CLANCY OVERELL | Editor | CONTACT

In a weird turn of events, Australians are set to experience one of the Wettest winters since the Victory over Japan, according to the highly unreliable weather forecasters.

And by wet, they don’t mean rain, hopefully.

They mean boozy.

This comes as Australians finally emerges from one of the coldest, rainiest and sickly Summers in recorded history.

After a La Niña-charged festive season that saw some families forced to wear jumpers and scarves on Christmas, Australians are now taking advantage of the weather they could have only dreamed of in late December. That is, those who weren’t in lockdown suffering from the Omicron variant.

The postponed Silly Season is now dangerously timed to run alongside the commencement of the winter football codes, resulting in some of the biggest weekends ever seen in March.

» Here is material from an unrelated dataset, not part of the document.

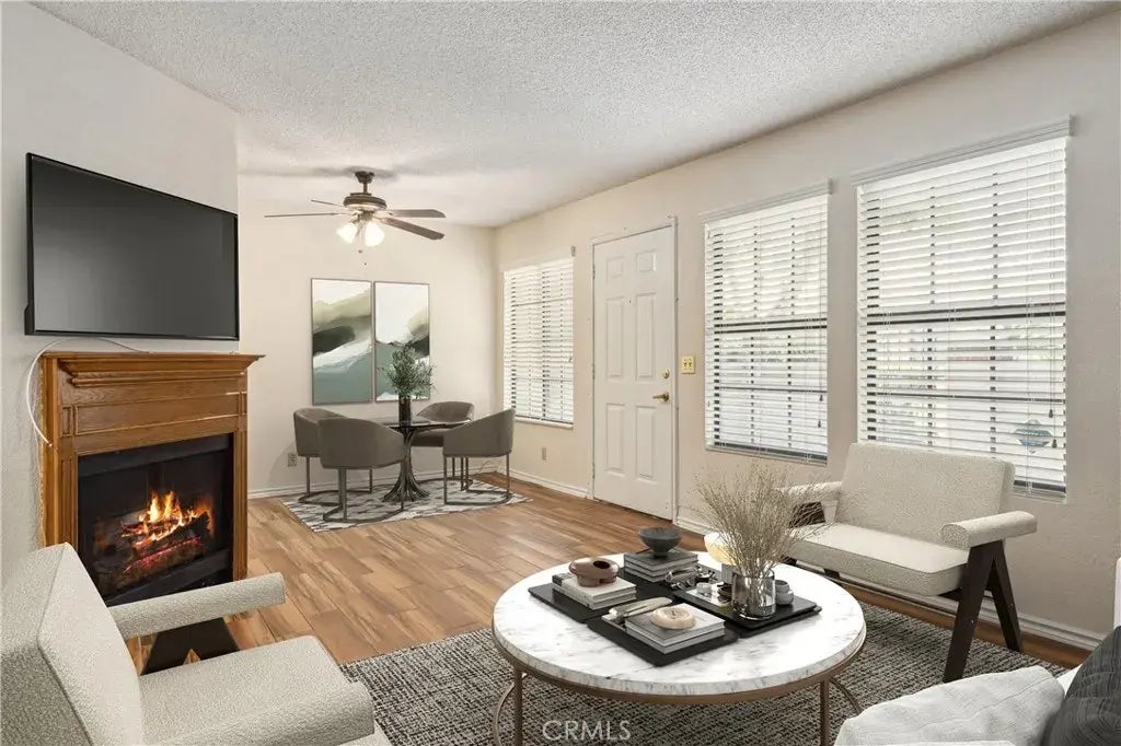 Don't miss this move-in ready condo with 2 bedrooms, 1.5 bath condo located in the desirable La Paloma community of Rancho Cucamonga. Wonderful central location. This home offers 932 SF of living space with a large enclosed front courtyard, a spacious floorplan, and new vinyl plank flooring. The Living Room has a fireplace and there is a Dining Area with ceiling fan. The Kitchen features oak cabinetry with lots of storage space and counter space. Stainless steel appliances including gas range with vent and dishwasher. There is a half Bathroom just off of the kitchen that also has laundry hookups and additional storage space. Both of the Bedrooms are located on the 2nd floor and are generously sized with carpeted floors and vaulted ceilings. The Primary Bedroom also features 2 closets, including 1 walk-in closet, a gorgeous light feature, as as well as direct access to the full-size Hall Bathroom which has a hallway door access for the Secondary Bedroom. Hallway linen storage area, and the bedrooms feature double doors between them. The large front courtyard area has a storage closet and plenty of space for a patio set to relax and entertain guests. This home also offers a detached 1-car garage and 1 assigned parking space. Residents get to enjoy a sparkling pool and spa, and green belts throughout the community with lush landscaping. Water and Trash are included with your HOA fees. Conveniently located near schools, shopping, the 210 Fwy, Victoria Gardens, Ontario Mills, Ontario Airport, and so much more!

It would seem that almost all New Years Eve resolution are now out the window, given the fact they were conconcted in very cold and lonely circumstances – not at all

However, with the very real possibility of a new variant of coronavirus making it’s way to our shores, it seems Dry July might actually be doable this year – with lockdowns unfortunately still on the table.

For the meanwhile, Australians are out and about making the most of the work events and weddings that were postponed back in December, as we emerged from four months of snap lockdowns into 4 months of shithouse rain.